NIDA-Funded Study Evaluating Extended-Release Injectable Naltrexone Plus Bupropion for the Treatment of Methamphetamine Use Disorder Published in New England Journal of Medicine
DUBLIN, Jan. 14, 2021 /PRNewswire/ -- Results from a National Institute on Drug Abuse (NIDA)-funded study evaluating the efficacy and safety of naltrexone for extended-release injectable suspension (XR-NTX) administered once every three weeks plus oral extended-release bupropion administered daily as a combination treatment for adults with moderate or severe methamphetamine use disorder (MUD) were published today by Dr. Madhukar H. Trivedi et al. in the New England Journal of Medicine (NEJM).1 This is the second published study evaluating this combination regimen for the treatment of MUD.2
The number of adults living with MUD has risen in recent years. In 2019, approximately 1 million adults in the U.S. reported having a methamphetamine use disorder—an increase of more than 50 percent since 2016.3 Currently, there are no FDA-approved medicines for the treatment of MUD.
"Given the scale and severity of the methamphetamine epidemic in the U.S., we applaud the clinical community's efforts and commitment to advancing research focused on treatment options for this critically underserved patient population," said Craig Hopkinson, M.D., Chief Medical Officer and Executive Vice President of Research & Development at Alkermes. "We're encouraged by the publication of this NIDA-funded study in the New England Journal of Medicine, and plan to engage with the FDA to better understand what options may exist for VIVITROL with regards to these data."

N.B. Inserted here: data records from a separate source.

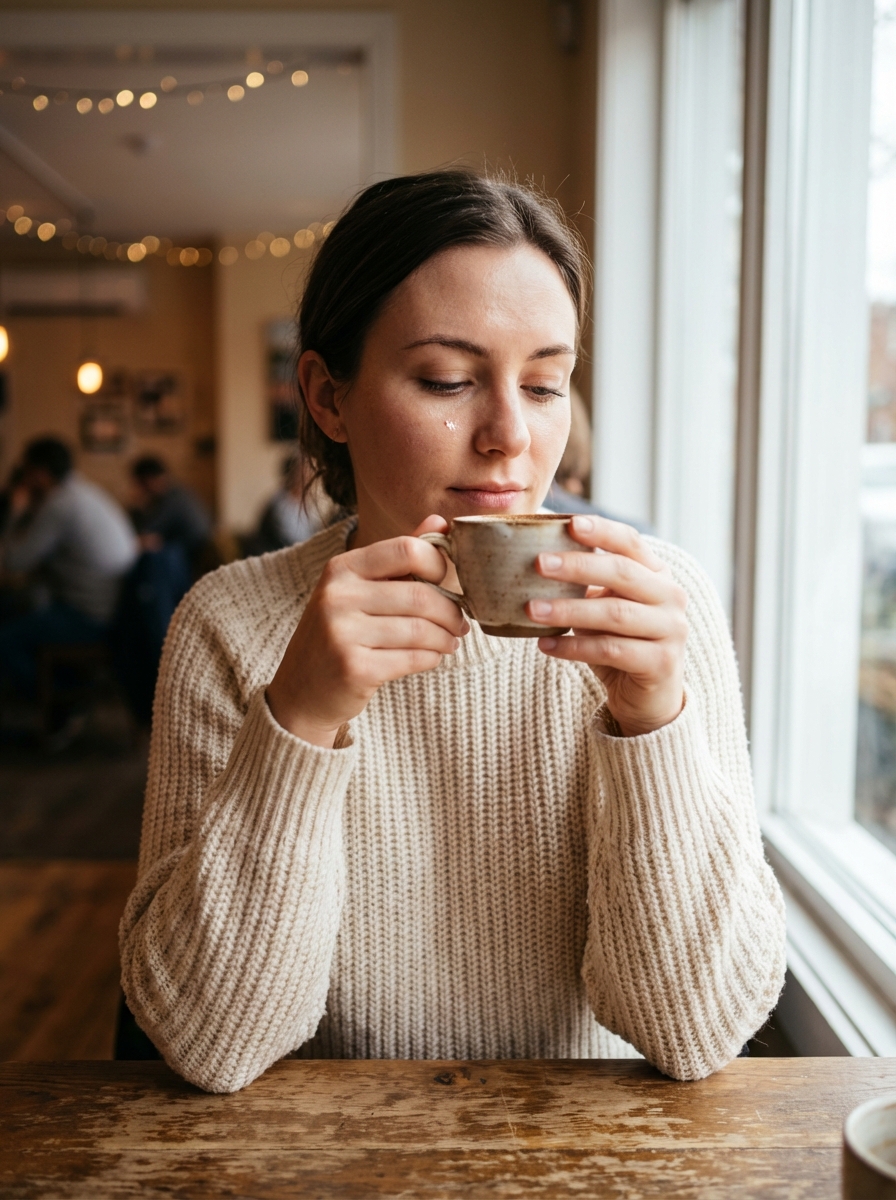 {"Objective": "Create a natural, ultra-realistic cinematic café portrait that captures a quiet, introspective candid moment with warm, comforting atmosphere.", "Persona_Details": {"Subject": "Young adult model", "Expression_and_Emotion": {"Expression": "Calm, introspective", "Gaze": "Eyes softly focused downward", "Mood": "Peaceful, reflective, intimate"}, "Pose_and_Action": {"Action": "Gently holding a small ceramic cup with both hands", "Moment": "Mid-sip, cup close to her lips", "Body_Language": "Relaxed, natural, unposed"}, "Appearance": {"Makeup": "Minimal, natural makeup", "Hair": "Naturally styled, effortless", "Skin": "Natural texture with soft highlights"}}, "Wardrobe": {"Outfit": "Simple, elegant clothing in neutral tones", "Style": "Timeless, cozy café fashion"}, "Scene_and_Environment": {"Location": "Cozy indoor café", "Background": {"Elements": ["Warm interior tones", "Subtle café textures"], "Treatment": "Softly blurred, non-distracting"}, "Atmosphere": "Quiet, warm, comforting, lived-in"}, "Lighting_and_Mood": {"Light_Source": "Natural daylight from a large glass window on the right", "Lighting_Quality": "Soft, diffused, gentle", "Highlights": "Delicate highlights on face and hands", "Shadows": "Soft, natural shadows adding depth", "Mood": "Warm, intimate, contemplative"}, "Photography_Style": {"Genre": "Candid lifestyle portrait", "Aesthetic": "Cinematic, natural realism", "Lens": "50mm or 85mm", "Aperture": "f/1.8–f/2.0", "Depth_of_Field": "Shallow depth of field isolating the subject", "Framing": "Medium-close portrait"}, "Color_and_Grading": {"Palette": ["Warm neutrals", "Soft browns", "Creamy whites", "Natural skin tones"], "Grading": "Subtle cinematic color grading with warm highlights and soft contrast"}, "Detail_and_Quality": {"Texture_Detail": ["Ceramic cup surface", "Natural skin micro-texture", "Fabric folds in clothing"], "Resolution": "High resolution", "Realism": "Photorealistic, professional photography quality"}, "Quality_Tags": ["Ultra-realistic", "Photorealism", "Candid café portrait", "Lifestyle photography", "Warm cinematic lighting", "Emotional realism"], "Negative_Prompts": ["Text", "Logo", "Watermark", "Harsh lighting", "Over-posed look", "Cartoon or illustration style", "Low resolution", "Over-retouched skin"], "Output_Constraints": {"Text_Overlay": false, "Branding": false, "Watermark": false}, "Response_Format": {"Type": "Single image", "Aspect_Ratio": "3:4 or 4:5 recommended", "Use_Case": "Lifestyle editorial, cinematic storytelling, café branding imagery"}}
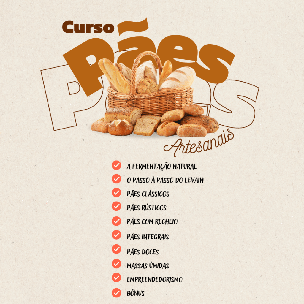 đšâđł Neste curso completo, vocĂȘ aprende panificação artesanal com fermentação natural, dominando desde as tĂ©cnicas tradicionais atĂ© receitas modernas que encantam qualquer paladar đâš Nada de pĂŁo sem graça: aqui o foco Ă© sabor, textura perfeita e aquele âuauâ na primeira mordida!
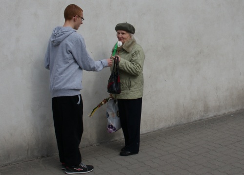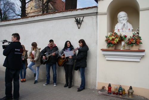 Po drodze wspólnie śpiewaliśmy piosenki, mieliśmy wspaniały akompaniament, więc muzyka sama cisnęła się na usta. Pierwszym przystankiem było popiersie Wielkiego Polaka Jana Pawła II Inicjatora Dnia Świętości Życia, święto to przypada właśnie dzisiaj, w dniu naszego marszu, 25 marca. Tam wspólnie z Księdzem Władysławem Dubiel zaśpiewaliśmy ulubioną pieśń Jana Pawła II Barkę, krótka modlitwa, ksiądz pogratulował nam naszej inicjatywy i obiecał, że wesprze nas w kolejnych marszach.

VIVITROL (naltrexone for extended-release injectable suspension) is not approved for the treatment of MUD. VIVITROL, developed by Alkermes (Nasdaq: ALKS), was approved by the U.S. Food and Drug Administration (FDA) for the treatment of alcohol dependence in 2006 and for the prevention of relapse to opioid dependence, following opioid detoxification, in 2010. VIVITROL is to be administered once every four weeks as part of a comprehensive management program that includes psychosocial support.
About the ADAPT-2 Study
The "Accelerated Development of Additive Pharmacotherapy Treatment (ADAPT-2) for Methamphetamine Use Disorder" study was a multi-site, double-blind, 12-week trial to evaluate the efficacy and safety of XR-NTX (380 mg every three weeks) plus oral extended-release bupropion (450 mg/day) in adults with moderate or severe MUD. Participants (N=403) with moderate or severe MUD (defined as reported use on at least 18 of the 30 days prior to randomization) were randomized to combination therapy (XR-NTX, 380 mg IM every three weeks, plus bupropion XL, up to 450 mg/d) versus placebo in a two-stage study. Placebo non-responders from stage 1 (6 weeks) were re-randomized in stage 2 for another 6 weeks. The primary outcome was the proportion of "responders," defined as having at least three methamphetamine-negative urine samples out of four samples obtained during weeks 5-6 (for stage 1) or weeks 11-12 (for stage 2). Response rates were higher with XR-NTX plus bupropion than with placebo across both stages (overall weighted treatment effect of 11.1 percentage points; Wald z-test statistic = 4.53; p < 0.001; NNT =9), as well as in each stage [stage 1: (16.5% COMB vs. 3.4% PBO); stage 2: (11.4% COMB vs. 1.8% PBO)]. Secondary outcomes also favored treatment with XR-NTX plus bupropion XL as compared to placebo. Adverse events in the combination treatment group included gastrointestinal disorders, tremor, malaise, hyperhidrosis, and anorexia. Serious adverse events occurred in 8 of 223 participants (3.6%) who received XR-NTX plus bupropion in the study. Alkermes provided XR-NTX and matched placebo free of charge for use in this trial under a written agreement with NIDA.